Required work: Every line from the one with "Маленькая кухня и" to the one with "图表15:上交所和深交所上市公司中金融、工业和原材料行业占比较高", including those two, is to be copied exactly; all other lines of the entries below are left out.

════

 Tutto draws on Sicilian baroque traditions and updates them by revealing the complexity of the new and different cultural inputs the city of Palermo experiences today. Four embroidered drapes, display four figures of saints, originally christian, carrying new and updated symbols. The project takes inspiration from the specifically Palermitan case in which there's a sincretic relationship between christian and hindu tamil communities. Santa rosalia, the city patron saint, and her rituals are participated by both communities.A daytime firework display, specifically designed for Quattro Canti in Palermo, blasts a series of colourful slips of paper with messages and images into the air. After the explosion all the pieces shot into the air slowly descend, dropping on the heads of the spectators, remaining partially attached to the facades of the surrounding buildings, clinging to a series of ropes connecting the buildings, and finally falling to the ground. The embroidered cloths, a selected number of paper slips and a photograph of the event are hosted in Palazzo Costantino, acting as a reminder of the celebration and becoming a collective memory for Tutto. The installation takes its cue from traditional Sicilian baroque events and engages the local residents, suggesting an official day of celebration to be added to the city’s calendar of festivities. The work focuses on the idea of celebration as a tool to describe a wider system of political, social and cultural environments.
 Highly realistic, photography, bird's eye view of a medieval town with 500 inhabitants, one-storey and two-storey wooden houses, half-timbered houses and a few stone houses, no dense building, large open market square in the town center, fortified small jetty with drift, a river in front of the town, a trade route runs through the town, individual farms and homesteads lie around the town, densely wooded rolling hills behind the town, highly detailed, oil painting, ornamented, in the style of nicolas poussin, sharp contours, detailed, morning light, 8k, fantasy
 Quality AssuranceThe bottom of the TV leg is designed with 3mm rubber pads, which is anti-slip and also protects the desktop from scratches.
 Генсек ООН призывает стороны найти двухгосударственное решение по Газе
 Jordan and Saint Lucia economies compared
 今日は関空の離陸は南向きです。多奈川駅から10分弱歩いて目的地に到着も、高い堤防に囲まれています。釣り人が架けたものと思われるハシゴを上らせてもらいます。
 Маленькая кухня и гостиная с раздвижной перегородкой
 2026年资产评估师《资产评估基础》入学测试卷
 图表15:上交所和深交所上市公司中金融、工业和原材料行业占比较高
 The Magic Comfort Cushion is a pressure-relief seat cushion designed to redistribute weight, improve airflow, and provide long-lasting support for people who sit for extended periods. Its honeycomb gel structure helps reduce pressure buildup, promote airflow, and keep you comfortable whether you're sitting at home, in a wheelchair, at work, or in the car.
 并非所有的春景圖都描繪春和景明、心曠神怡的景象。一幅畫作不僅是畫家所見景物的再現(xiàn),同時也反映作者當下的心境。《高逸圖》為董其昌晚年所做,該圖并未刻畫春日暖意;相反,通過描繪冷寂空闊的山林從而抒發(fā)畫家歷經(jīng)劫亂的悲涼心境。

════

Exercise result:
 Маленькая кухня и гостиная с раздвижной перегородкой
 2026年资产评估师《资产评估基础》入学测试卷
 图表15:上交所和深交所上市公司中金融、工业和原材料行业占比较高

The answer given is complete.